The wildfires, which have killed more than two dozen people and an estimated one billion animals, are the result of record heat and lasting droughts that are entirely consistent with scientific predictions of climate change. Set to worsen as summer progresses, the firestorms are still just a harbinger of what’s to come if the world misses its chance to limit warming to 1.5°C this decade.
In a nation that, given two clear climate-change-mitigation alternatives to vote for last year, chose the option that was only half as fast in reducing emissions, these savage fires must surely trigger an urgent reassessment.
The exact spark of the fires and the potential for mitigation are under debate. It’s alleged, without much evidence, a green-motivated clampdown on controlled burnoffs – a fire-containment precaution practised for generations – may have exacerbated the crisis. Yet Australia must urgently reorder its priorities. Its Government attracted international fury last year by announcing plans to use a loophole in carbon accounting that experts say would undermine the Paris Agreement, designed to limit global warming to safer levels. That “accounting trick”, as it was described by critics, limits the pressure on one of the richest nations on Earth to curtail its coal- and gas-exporting sectors.

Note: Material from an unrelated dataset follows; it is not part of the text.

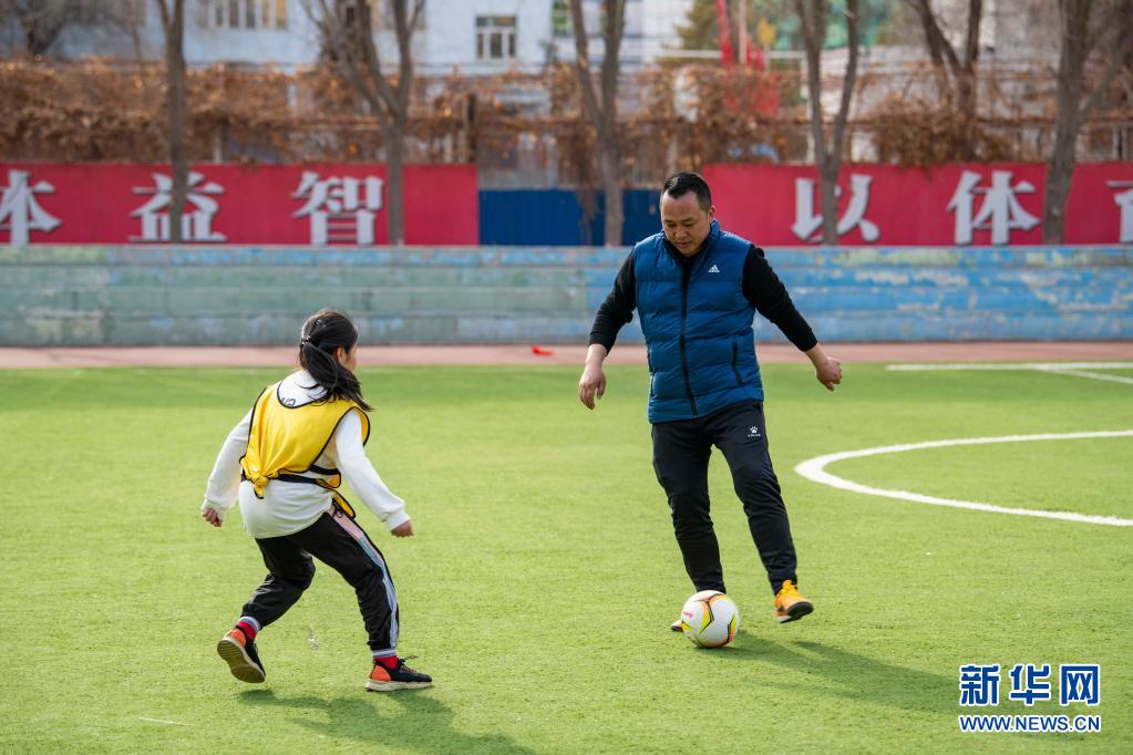 夏松豪(右)与学生马雨婷在训练中拼抢(3月31日摄)。新华社记者 胡虎虎 摄
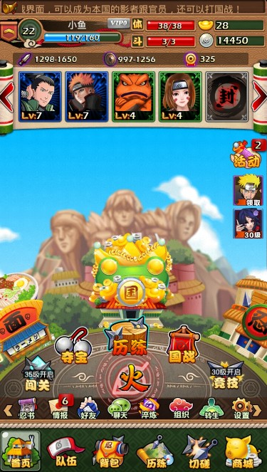 在游戏刚开始,玩家就能够选择各自效忠的国家,“火”、“水”、“土”、“风”、“雷”之一,与原著一致。主页的UI设计, 历代火影雕像就不说了,就连一乐拉面馆这一特色场景也出现在游戏当中,并能给玩家补充相应的体力,此时脑海里是不是立马浮现了一乐拉面馆老板和蔼可亲的面孔了呢~其他更多的游戏动漫细节还分别体现于剧情、忍术相生相克、装备造型相呼应等功能。

Prime Minister Scott Morrison has responded to criticism by pointing out his duty to put Australians’ economic welfare first. Yet Australia’s massive carbon-emission catastrophe is every country’s problem. It cannot quarantine itself from global responsibility.
New Zealand is among the first nations directly affected, with our orange skies a visual portent of the shared problem. Predictions are that the Australian fires, estimated to have released 350 million metric tonnes of CO2 this season, will accelerate the melting of our glaciers.
New Zealand may also have to prepare policies for a potential exodus from Australia if parts of that country are reassessed as unsuitable for future habitation. Even if some Australians, wishing to return to devastated areas, downplay the impact of warming on their habitat, the insurance industry will not, and nor will those in the emergency services.
Unfortunately, Australia’s economy is facing adversity on multiple fronts for intersecting reasons. Its wheat industry is flagging and mining is fluctuating, and the incessant footage of incinerated towns, frightened people on beaches and cruelly scorched animals is likely to now hit its tourism income. Still, the self-described “lucky country” has the resources, and certainly the incentive, for change. Even BHP, the country’s global mining giant, has been busy reframing itself as a potential force for green good – promoting its prominence as an extractor of copper (despite the environmental and potential health effects) because electric vehicles reportedly need four times as much of the mineral as standard cars.
Perhaps the one precious dividend from the global gasp of shock at Australia’s plight is that it has made climate change’s impact vividly real – not some notional problem for which we must atone by 2030 or 2050. Just as a sense of imminent threat from war can make self-sacrifice politically palatable, so should the orange skies and suffering of so many humans and animals make it possible for Australia’s leaders, and those of other countries, to accelerate the painful pace of adjustment.
Demonisation of Australia and its Government at this point is utterly counterproductive. A democracy whose people thought they had more time to reduce emissions has found out it was wrong. It is a lesson none of us can ignore.